Area under ROC for training set: 0.8189397967747892
Area under ROC for test set: 0.7833135775004997


In [24]:
# Distribution of label values
predictions_test.groupby("label").count().show()

+-----+------+
|label| count|
+-----+------+
|    1|146232|
|    0| 89742|
+-----+------+



In [25]:
# Distribution of predicted values
predictions_test.groupby("prediction").count().show()

+----------+------+
|prediction| count|
+----------+------+
|       0.0| 46572|
|       1.0|189402|
+----------+------+



In [26]:
# Confusion Matrix
from pyspark.sql.types import FloatType
from pyspark.mllib.evaluation import MulticlassMetrics
import pyspark.sql.functions as F

preds_and_labels=predictions_test.select(['prediction','label']).withColumn('label',F.col('label').cast(FloatType())).orderBy('prediction')
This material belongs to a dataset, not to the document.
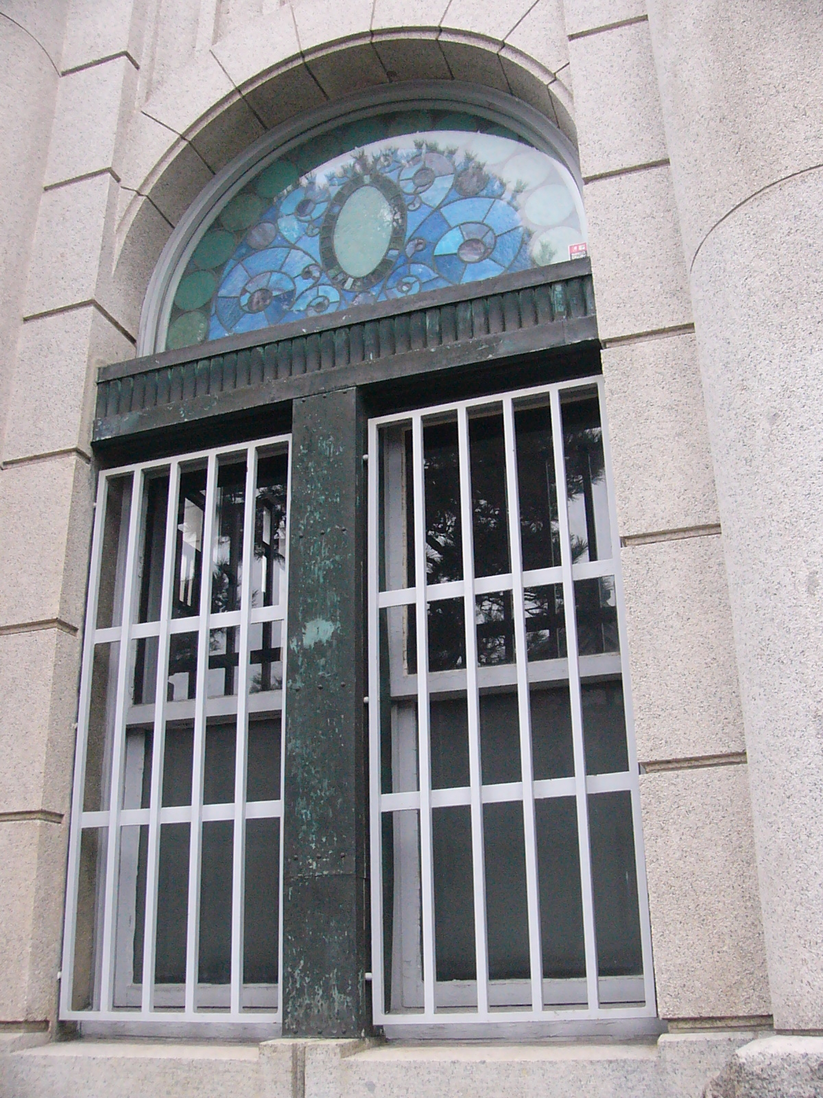 右2枚:倉敷公民館と建物側面の窓。服飾系の専門学校の入学式をやっていたようです。こんな雰囲気のある公民館いいなー。こういう建物の側面の窓もいちいち素敵。

preds_and_labels=preds_and_labels.select(['prediction','label'])
metrics=MulticlassMetrics(preds_and_labels.rdd.map(tuple))

print(metrics.confusionMatrix().toArray())

[[ 35094.  54648.]
 [ 11478. 134754.]]


In [33]:
# accuracy score
accuracy=(35094+134754)/(35094+54648+11478+134754)
print("Accuarcy Score =",accuracy)

Accuarcy Score = 0.7197742124132319


In [34]:
# Precision value
precision=(134754)/(134754+54648)
print("Precision =",precision)

Precision = 0.7114708398010581


In [35]:
# Recall value
recall=(134754)/(134754+11478)
print("Recall =",recall)

Recall = 0.9215082881995733


In [36]:
# Fscore
fscore=2 * ((precision*recall) / (precision+recall))
print("F Score =",fscore)

F Score = 0.8029818194819357


#### Summary of the best Random Forest model

**Random Forest** model gives the best performance out of all three. 
<br>Eventhough decision tree model gave a recall of about 0.85, this one gives a better recall of **0.92** and all other metrics do come up as better with comparision to other two models.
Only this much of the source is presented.